In this step the model is saved. This is important to be able to use the model later on for predictions.


In [None]:
# Create the model folder
os.makedirs('model', exist_ok=True)

# Save the model
model.save(os.path.join('model', 'brain_tumor_classifier.keras'))

# save the model in the h5 format which is outdated but still used by some applications
model.save('model/brain_tumor_classifier.h5')

# Showcase the Model

Now you can use the model to predict the class of any brain MRI image.

Create for that a new virtual environment and install the required libraries:

```bash
pip install -r requirements.txt
```

Then you can start the streamlit app with the following command:

```bash
streamlit run dashboard.py
```


## Conclusion

### Next Steps

The next steps would be to improve the model by using a more complex model.

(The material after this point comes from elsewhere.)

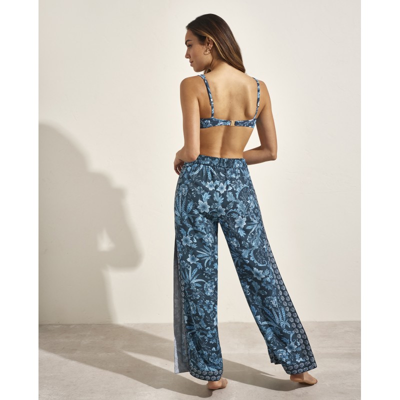 Pantalón tipo palazzo con aberturas laterales. Atrévete a destacar con un diseño único que combina sofisticación y modernidad gracias a su estampado innovador y su corte impecable. Ideal para completar tu look veraniego.

In addition, the data augmentation could be improved by using more parameters and more data. Also, the model could be trained on more data, as the data set was quite small. Also the model could use additional data, such as the mean, variance or standard deviation of the pictures. Other interesting parameters would be to use patient data, such as Age and Sex.